As obtained in other developing and developed nations, CC has impacted aquaculture in Nigeria. Studies have reported considerable changes in environmental processes, resulting in changes in primary production. Obia et al. (2015) indicated late changes in fishing occupation. The changes, however, were connected to unprecedented flooding attributed mainly to climate change. Adewale et al. (2017) reported changes in seasonality in fishing, loss of fishing input, while Adebo and Ayelari (2011) and Ikehi (2015) reported low fish productivity and increased access/distance to production/fishing grounds respectively.

Although increases in precipitation-induced floods are of concern to some types of aquaculture and systems (e.g., ponds), they could be of benefit to other types (e.g., coastal). Flooding can have a number of advantages, including recharging wetlands, recharging groundwater, generating floodplains, establishing wildlife habitats, and improving fish productivity (Poff, 2002). But most often, the negative impacts override these potential benefits. Flooding can result in the introduction of predator species into culture ponds, pond water contamination, and fish escapes (Adhikari et al., 2018; Casimiro et al., 2018; Kais and Islam 2018).

In pond culture and hatcheries, flood-related mortalities are also common and may occur due to several reasons, of which low oxygen levels in floodwaters predominates (Bell et al., 2009; Idris et al., 2014). In the long run, these impacts are likely to predominate in developing countries like Nigeria, adversely affecting sector production and growth. Therefore, it has become critical to address the accompanying challenges of CC, which are likely to worsen in the future.

4.8. Local adaptation strategies, effectiveness of current adaptation methods, and implications of wrong adaptations

For adaptation to be successful, it requires strategic approaches that identify measures that would be appropriate and taking the present and future needs into consideration. With the uncertainties in CC scenarios, flexible adaptation strategies are required. The differences in the adaptation measures used in this study, suggests that the inhabitants of the studied area respond to CC by employing techniques that work in their domain. Such adaptation measures may not be effective in other geographical locations. This suggests the need for more research to identify the location-specific adaptation strategies. As indicated in the results for adaptation, many farmers have already employed some of the different strategies against CC. Some local communities have also developed traditional strategies to cope with CC impacts and the role of these adaptation strategies is also well known. However, the adoption of more strategies depends largely on government intervention by improving and strengthening human capital, extension services, and infrastructures at every level. Farmers clearly pointed out that the lack of such facilities has hindered the adaptation of farmers to CC impacts. For instance, the lack of a proper road network has limited farmers from practicing the land fallow system which is one of the climate-smart strategies.

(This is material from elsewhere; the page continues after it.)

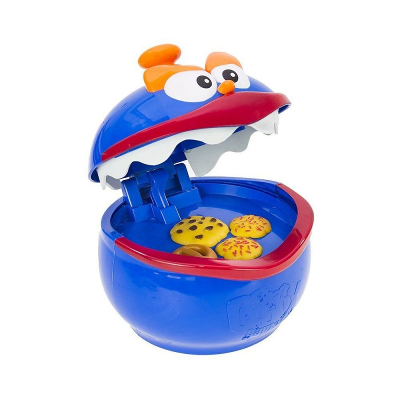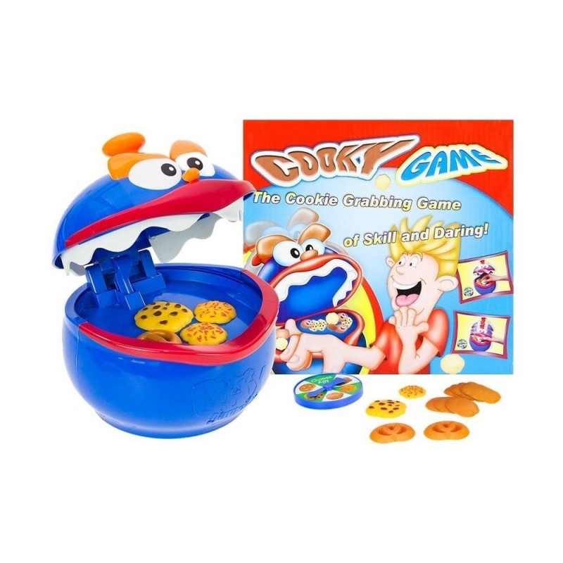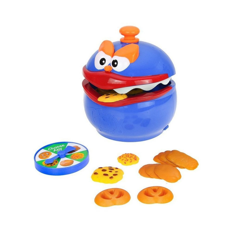 Ustawiamy Ciasteczkowego Potwora pomiędzy graczami. Na czubku jego głowy montujemy gałkę. Za pomocą uchwytu rozchylamy mu paszczę i przesuwamy przycisk blokady do góry - szczęka potwora zostanie unieruchomiona. W tym momencie możemy bezpiecznie wrzucić wszystkie ciasteczka. Zwalniamy blokadę i rozpoczynamy grę. Kręcimy strzałką, strzałka wskaże nem jakiego rodzaju ciasteczko mamy wyciągnąć z paszczy potwora. Podczas wykradania ciasteczka, dokładnie zaplanujcie każdy ruch, jedno niewłaściwe posunięcie i wasze paluszki zostaną lekko przytrzaśnięte.Grać możemy na zmiany. Gra się kończy w momencie gdy jeden z graczy zostanie przytrzaśnięty przez Ciasteczkowego Potwora. Rozgrywkę wygrywa ten kto zgromadził większą ilość ciasteczek. Zabawka posiada wykonane z miękkiej pianki zęby. Przy zatrzaśnięciu nie wyrządzi dziecku krzywdy. Zaproś kolegów i rodzinkę do fantastycznej zabawy. Zmierzcie się z Ciasteczkowym Potworem, zobaczymy kto jest bardziej sprytny.

Our study showed that farmers in Nigeria adopted various climate-smart adaptation strategies such as changes in cultivation practices. Similar to our result, adaptation measures taken by farmers in Afghanistan involved changes in cultivation practices. Other measures employed in Afghanistan included scientific techniques for crop cultivation, cultivation of new crop(s) and drought-resistant varieties, and migration of family members. However, to remain effective, these strategies were required to evolve over time following the discourse of CC and society (Omerkhil et al., 2020); an approach that is similarly applicable in Nigeria. In Pakistan, Bakhsh and Kamran (2019) showed that adaptation strategies adopted by farmers involved labour-intensive farm practices such as soil bund-making, deep ploughing, and crop diversification. A variety of socioeconomic factors however influenced farmers' responses to adoption. Of the three practices highlighted above, only crop diversification was employed by farmers in Nigeria. In the Gamo Highlands of Ethiopia, farmers adopted sustainable land management practices as adaptive strategies (similarly employed in Nigeria), and effects on food production vary according to the practice adopted (Cholo et al., 2019). Although the magnitude and consequences of adaptation demands seem to be larger in the Asia-Pacific countries, they have a higher capability for adaptation, than in Africa (Mertz et al., 2009). As a result, more strategic and futuristic development plans are imperative as obtained in some developed countries.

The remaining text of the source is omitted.